# [Information shown]

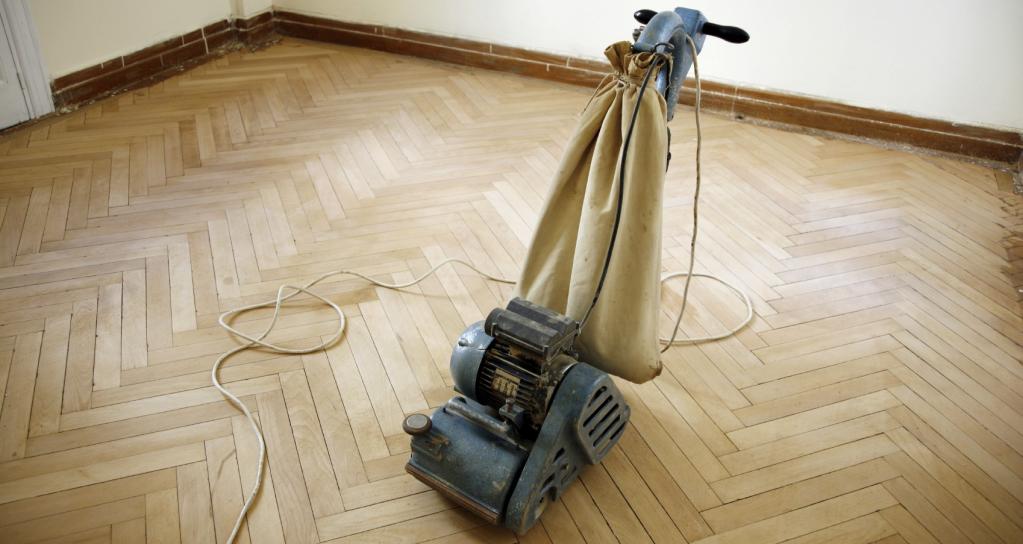 Удаление старого лакового покрытия производится при помощи циклевочной машинки
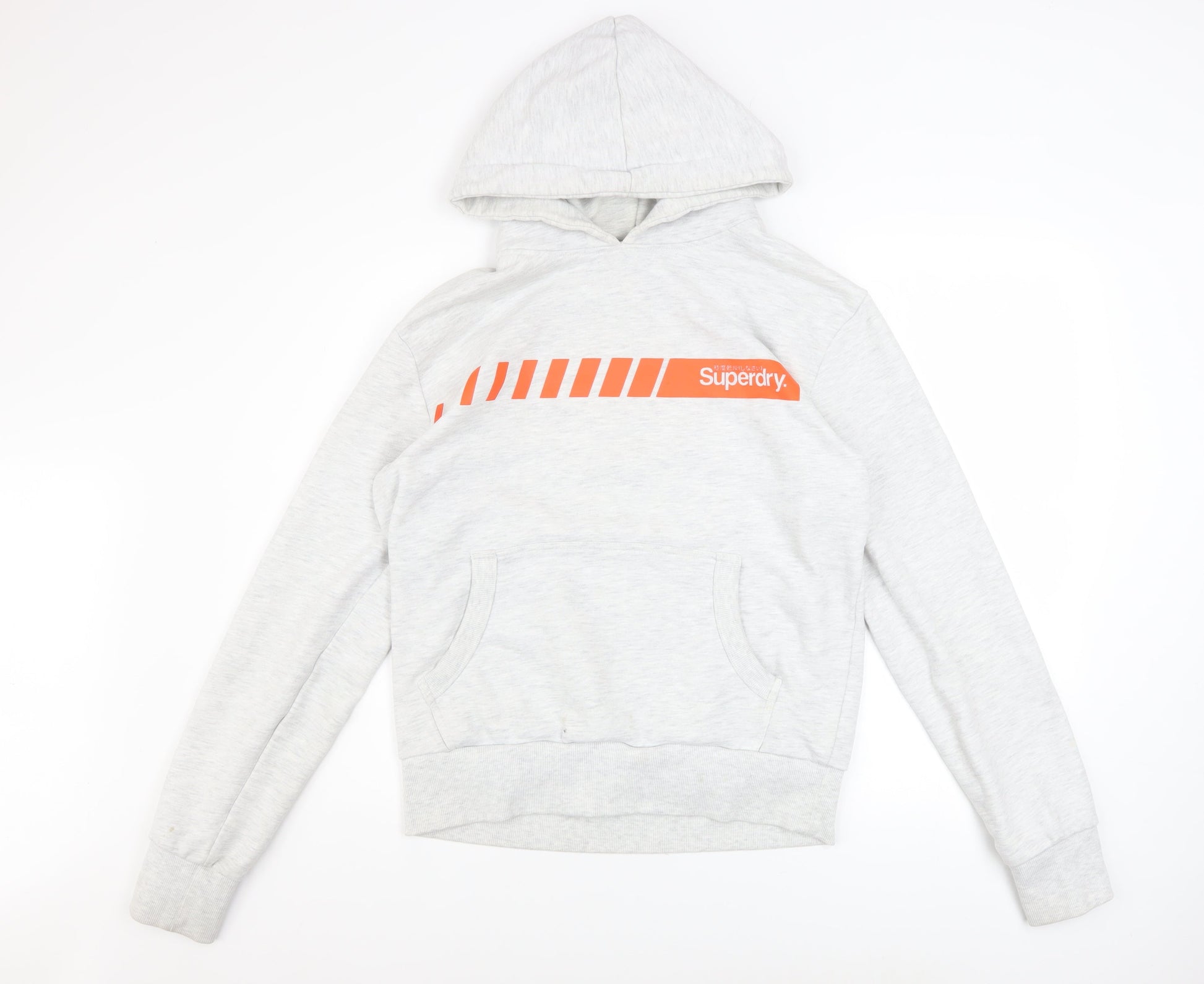 Superdry Mens Grey Pullover Hoodie L Logo Print Fleece Sweatshirt
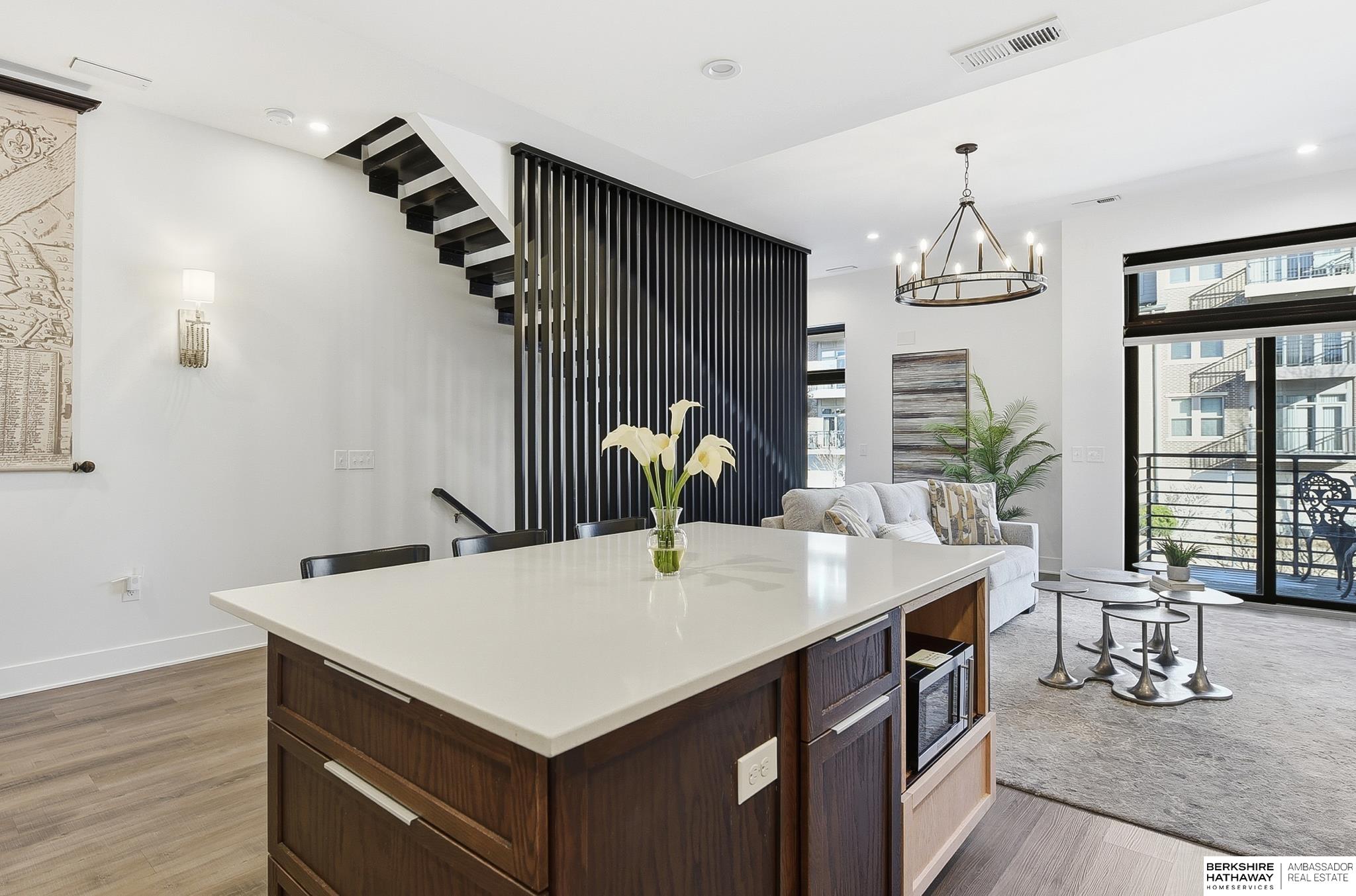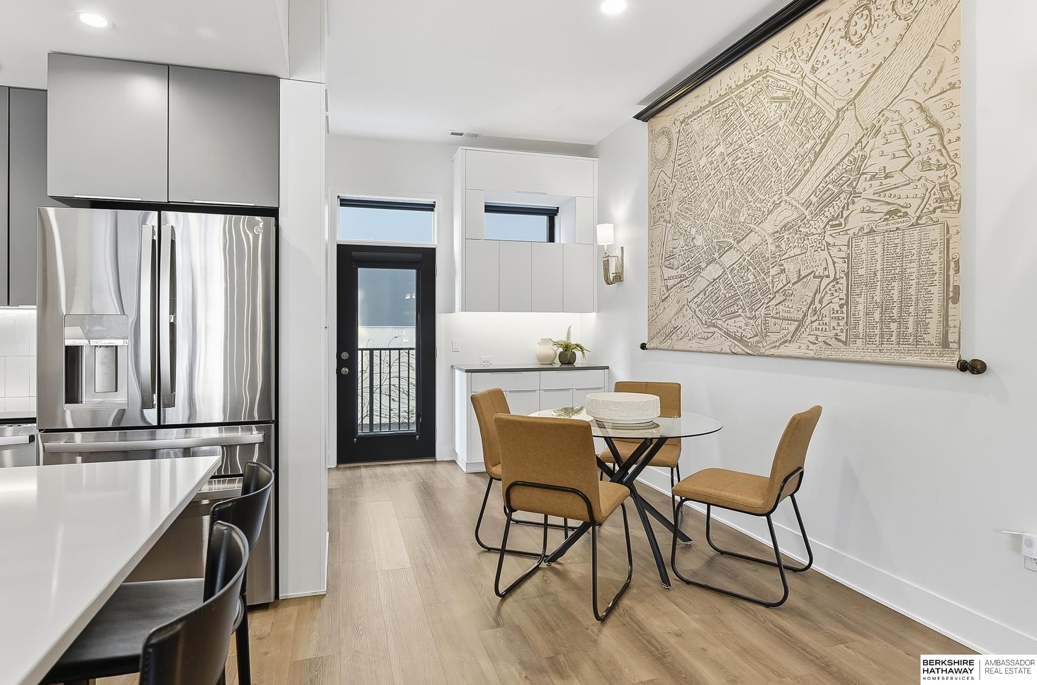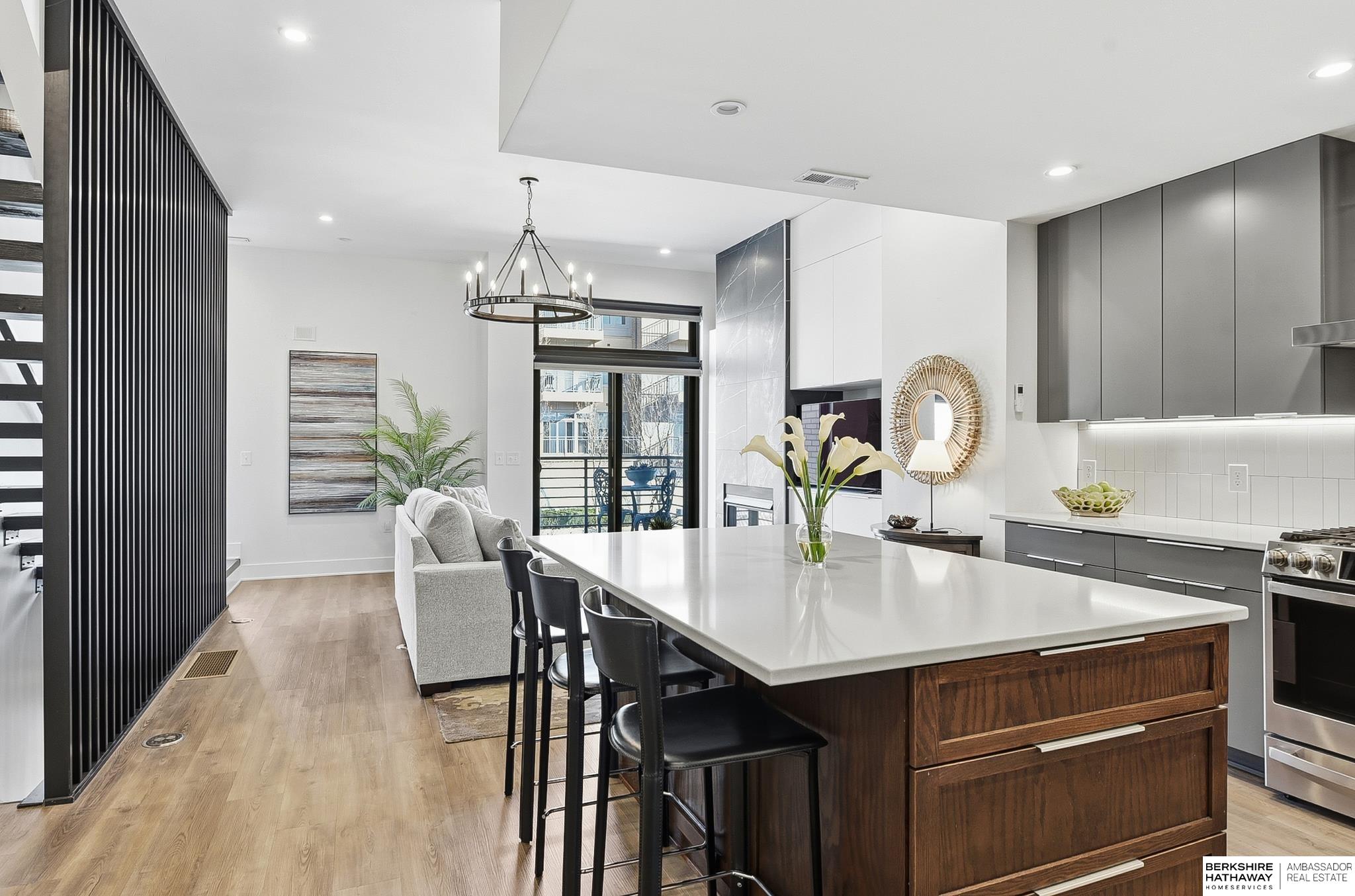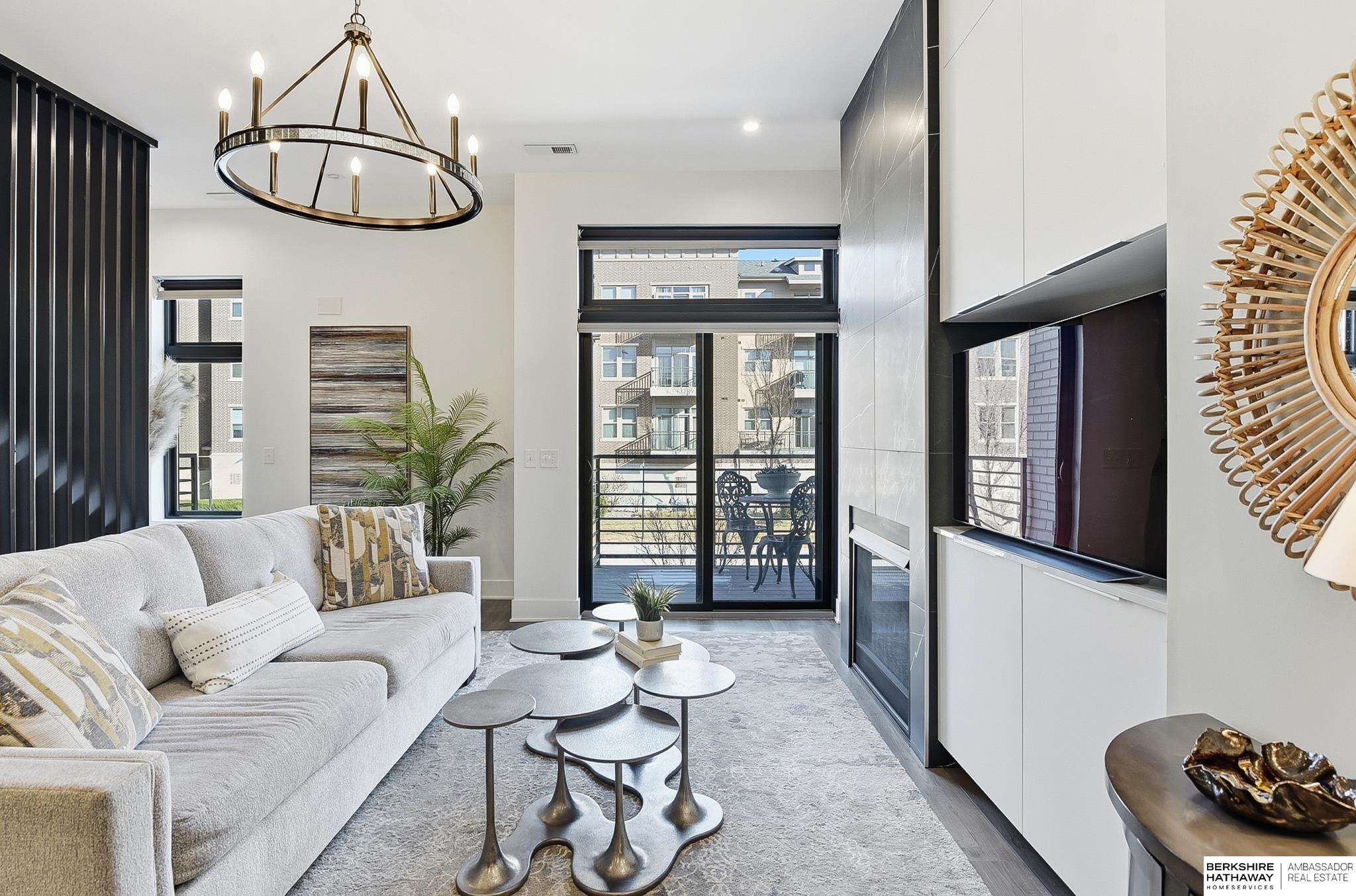 Experience modern style and unbeatable convenience in this beautifully upgraded townhome located in the heart of vibrant Aksarben Village. Thoughtful upgrades include custom cabinetry and ample storage throughout every room, plus remote-control privacy blinds for added comfort. The open-concept living space showcases 10-foot ceilings and a striking floor-to-ceiling gas fireplace, creating a warm and inviting atmosphere. The gourmet kitchen offers premium appliances, a gas chef's range, and high-end finishes - perfect for entertaining or everyday living. This sleek row house also features an attached two-car garage with EV charger and an epoxy-coated garage floor. Enjoy unmatched walkability to fitness studios, shopping, dining, live music, walking trails, movie theater, Farmers Market and a dog park. With quick access to I-80, UNMC, Midtown, and downtown. This low-maintenance home is one of only seven total units in one of Omaha's most desirable entertainment districts.

# [What is needed]
With the images omitted, repeat all the data word for word.

# [Task result]
 Удаление старого лакового покрытия производится при помощи циклевочной машинки
 Superdry Mens Grey Pullover Hoodie L Logo Print Fleece Sweatshirt
 Experience modern style and unbeatable convenience in this beautifully upgraded townhome located in the heart of vibrant Aksarben Village. Thoughtful upgrades include custom cabinetry and ample storage throughout every room, plus remote-control privacy blinds for added comfort. The open-concept living space showcases 10-foot ceilings and a striking floor-to-ceiling gas fireplace, creating a warm and inviting atmosphere. The gourmet kitchen offers premium appliances, a gas chef's range, and high-end finishes - perfect for entertaining or everyday living. This sleek row house also features an attached two-car garage with EV charger and an epoxy-coated garage floor. Enjoy unmatched walkability to fitness studios, shopping, dining, live music, walking trails, movie theater, Farmers Market and a dog park. With quick access to I-80, UNMC, Midtown, and downtown. This low-maintenance home is one of only seven total units in one of Omaha's most desirable entertainment districts.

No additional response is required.